La cobardía moral es esa que lleva a quien es consciente de
lo que está bien y lo que está mal, de quién es el que abusa y quién es la
víctima, a callar y, con ese silencio, a otorgar al verdugo, al abusador,
al corrupto, la licencia para seguir en ello. Esa cobardía moral es la que
lleva a los usuarios del metro madrileño a callar, a no reclamar un servicio
acorde con el precio del billete que paga, para encontrarse con convoyes
detenidos por avería, a soportar temperaturas de sauna, encerrados en vagones
herméticos y sin aire acondicionado, a tener que apostar por una u otra salida
al abandonar el andén, para no encontrarse con escaleras mecánicas averiadas o,
simplemente, fuera de servicio.
También, cuarenta y ocho horas después de la tocata y fuga
de Esperanza Aguirre que no se encontró por esa vez con la cobardía moral de
unos agentes que, pese a saber muy bien "con quién estaban hablando",
en lugar de dejar ir sin más a la condesa de Bornos, la siguieron hasta su
palacio tratando de cumplir la ley con ella, como con cualquier ciudadano, me
di de bruces con la cruz de la moneda en la actitud soberbia y abusiva de dos
patrulleros de la policía municipal madrileña que mantuvieron parado a pleno sol
en medio de una de las salidas de la M-30, porque, en su opinión que no era la
misma de quienes íbamos a bordo y estuvimos "secuestrados" en el bus
por más de un cuarto, el joven conductor de la EMT no se había apartado con la
suficiente diligencia para dar paso a su coche.
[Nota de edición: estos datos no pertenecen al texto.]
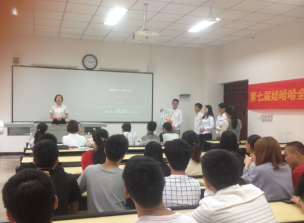 2016年5月13日星期五下午管理学院市场营销专业第七届娃哈哈全国大学生创意营销实践大赛工程学院赛区决赛暨重庆工程学院第二届“娃哈哈杯”市场营销技能大赛在6教107教室顺利开展。本次比赛邀请娃哈哈重庆分公司高校市场拓展部王乐经理、管理学院工商管理系部分教师担任评委老师。
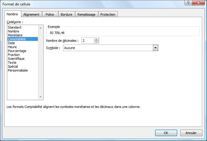 Le format de cellule suggéré pour les soldes est le suivant: 'Comptabilité', 2 décimales, aucun symbole
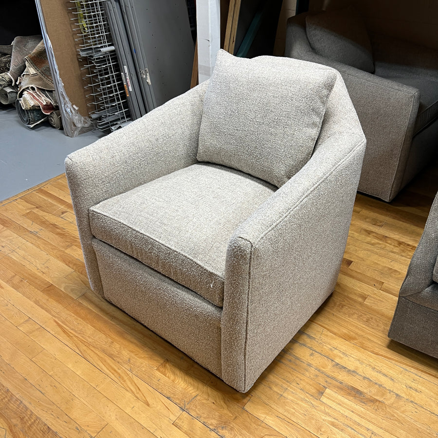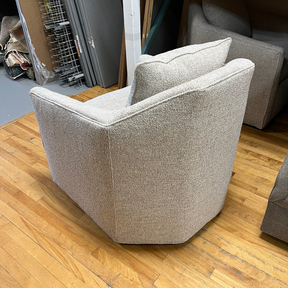 The Justine Swivel Chair pairs modern curves with smooth motion, wrapped in soft upholstery for a chic and comfortable accent to any space.
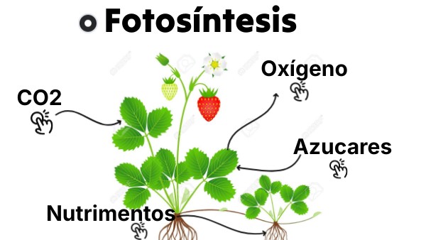 Se representa un ejemplo del proceso de fotsíntesis en una planta de fresa. Se destacan los principales elementos que intervienen en el proceso.
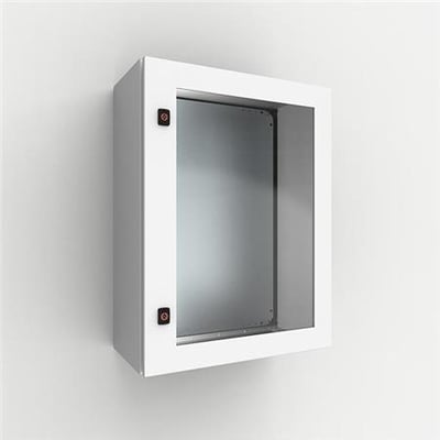 - 1,2 mm lakeret stål (1,5 mm for skabe med højde/bredde ≥ 500 mm; 2 mm for skabe med højde/bredde ≥ 800 mm)
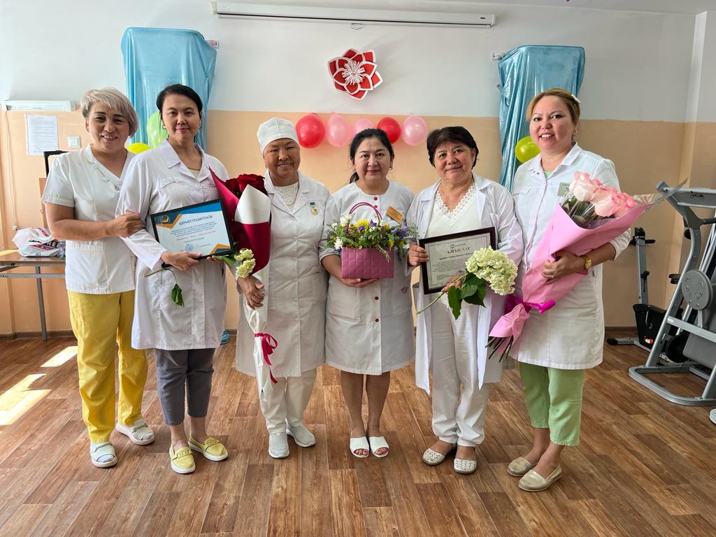 18.06.2023 жыл ШЖҚ «Балалар фтизипульмонология оңалту орталығында» КМК медицина қызметкерлері күнімен орталығымыздың директоры Г.А.Хамзина медицина қызметкерлерің құттықтап «Денсаулық сақтау үздігі» төсбелгісімен сонымен қаттар Қоғамдық денсаулық сақтау басқармасынан «Сенім» және Медеу аудандық «Аманат партиясы» мақтау қағаздарымен алғыс хаттарын табыстады.
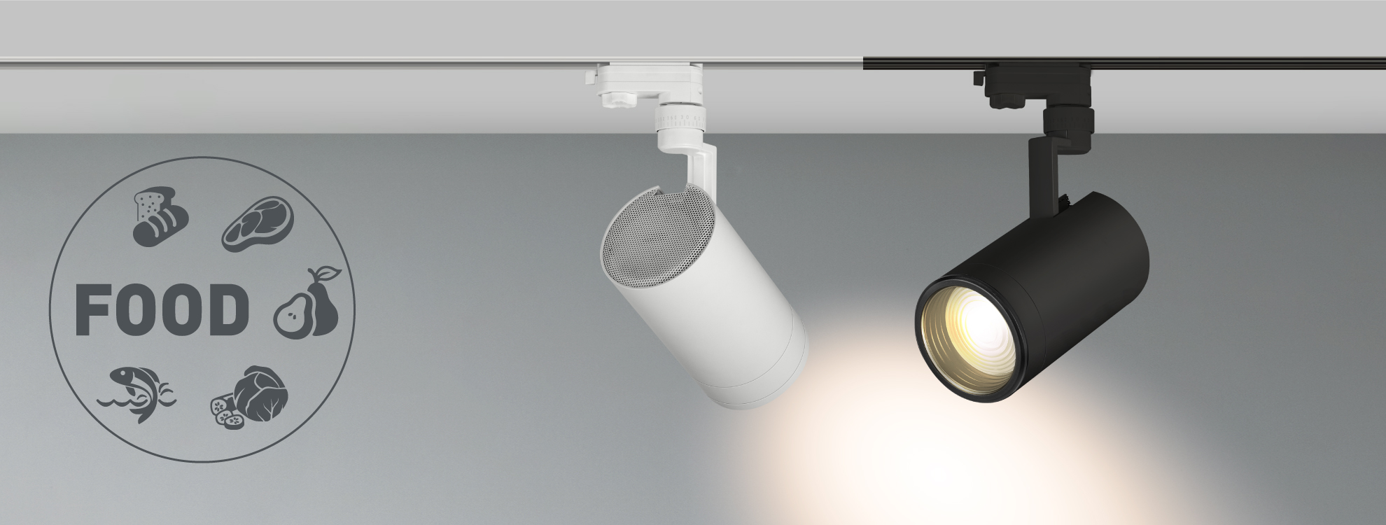 Устанавливаются на трехфазный трек длиной 1, 2, 3 или 4 м. Светильники можно свободно перемещать вдоль трека и подсвечивать именно те продукты, которые необходимо.
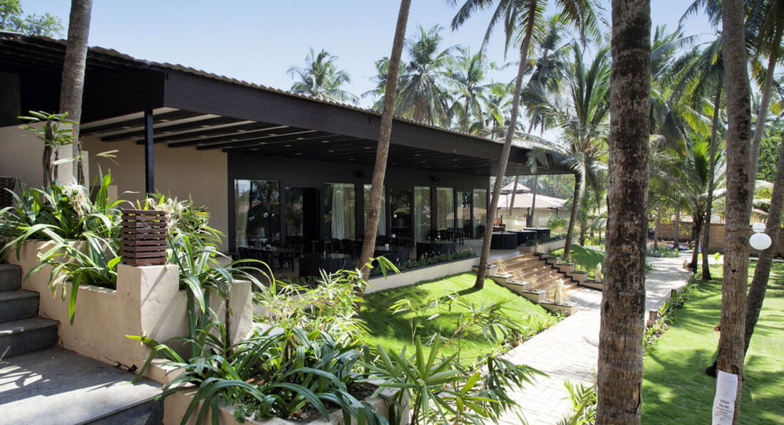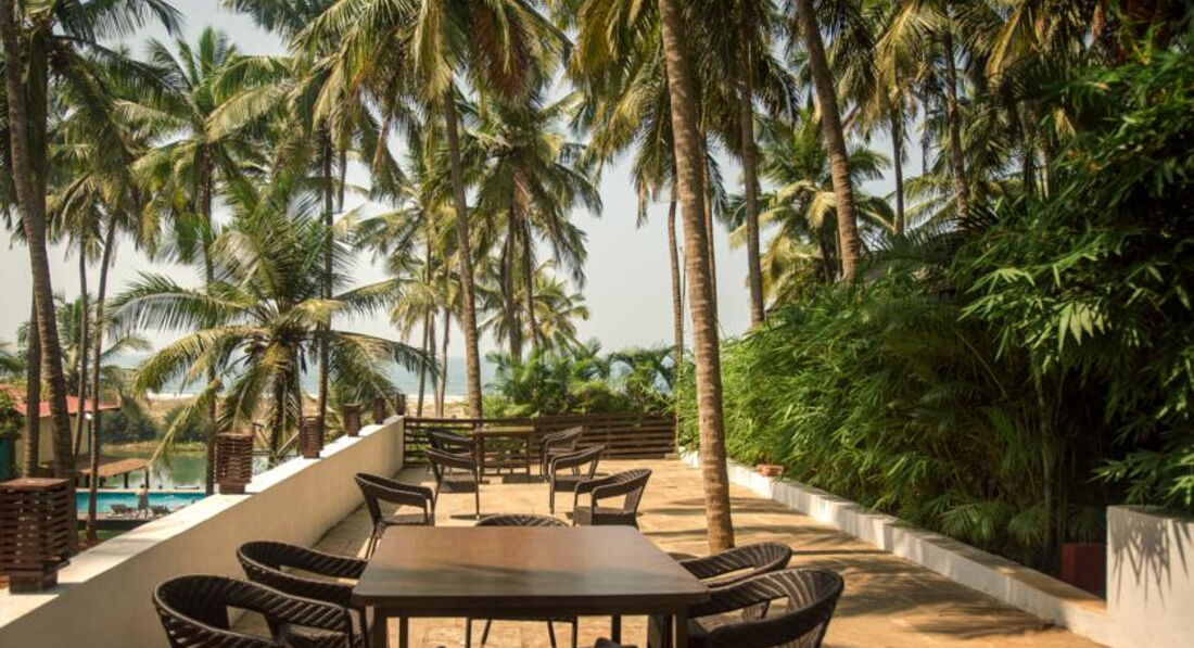 28.02-09.03 мы проживали в данном отеле. После 6 часового перелета нам еще около 1.5 часов пришлось путешествовать на автобусе типа ПАЗик до отеле. Данный отель самый удаленный от аэропорта. Заселение было моментальное, но у нас попросили на некоторое время паспорта для ксерокопирования. Страшного не произошло. Номер(мы проживали в отдельном домике) оказался вполне милым. В номере были замечаны: сейф с кодовым замком, жк-телевизор 32 дюйма, чайный набор на 2 персоны, кондей, холодильник(мы узнали,что должен быть в номере под самый конец), письменный стол,стулья и т.д. Ванная комната приемлемая. Но горячая вода включается кнопкой, которую трудно вычислить.Размеры домика приятно удивили,но больше всего удивил вид из окна. Он просто прекрасен(из всех домиков на море). Домики стоят в пальмовой роще,мы видели пальму с порядковым номером 109, на берегу. От пляжа отделяет только маленький променад. Широченная пляжная линия. Очень чистый и малолюдный пляж, но если немного пройти в сторону, то окажетесь в Арамболе, где огромное количество шейков и русских. В другой стороне от отеля поселок поменьше,но и в нем есть пара магазинов, нормальный массажный салончик и можно обменять деньги по хорошему курсу(в отеле ужасный курс. Меняли по 50 рупий за доллар, когда хорошим считался 54). В Отеле очень дорогой ресторан. Чаевые составляют 10% и включены в счет. Кормят однообразно. Брать ужины и завтраки я не советую. Рядом много шейков с нормальными ценами(например People), а в Арамболе сможете ужинать СВЕЖИМИ морскими гадами по бросовым ценам. Массажный салон в отеле завышает цены примерно в 2-2.5 раза. Например Широдара(не уверен с написанием) у них стоит 2800 рупий, а в массажном салоне можно договориться на 1000 рупий. В отеле 2 сети Wi-fi. Обе бесплатные, но одна с паролем,а другая без. Пароль можно узнать лобби. Большой скорости не ждите, но родне написать и соц.сети проверить можно. Около отеля стоянка такси. Из таксистов советую иметь дело с Vitalom. С ним можно нормально торговаться. От отеля до рынка в Мапусе и обратно+3 часа ожидания стоит 1000 рупий. Ночной рынок с ожиданием 1200 рупий, а поездка на водопады+ специи и слоники 2800 рупий. До Арамболя просят 200 рупий, можно сговориться на 150 рупий или поймать попутку за 100. Пешком по пляжу до Арамболя идти 20 минут.

Lo más curioso del incidente fue que toda la prisa de los
patrulleros se esfumó de repente para permitirles castigar al conductor del
autobús. Pese a que la mayoría de los viajeros estábamos siendo testigos del
flagrante abuso de autoridad de los policías, dispuestos a mantenernos allí
secuestrados hasta que llegase otro autobús para hacer el trasvase de viajeros
en plena curva de una vía rápida, y pese a que todo el pasaje estaba hablando
indignados, solamente uno o dos pasajeros y yo mismo nos ofrecimos para
testificar en favor del conductor ante la posible sanción.
Se había manifestado de nuevo el monstruo de la cobardía
moral. Pero he de deciros que después de saber que el conductor contaba con
testigos y, tras unos cuantos minutos de consultar con sus jefes, después, eso
sí, de formular la denuncia, sus aires de grandeza eran otros y dejaron
proseguir su ruta al autobús, después de haberle retenido veinte minutos por
"dificultarle" el paso, mientras acudía a atender un servicio urgente.
Aún estoy dándole vueltas a la cabeza, pensando en qué hubiera sido del
conductor, si la cobardía moral del pasaje hubiese sido unánime.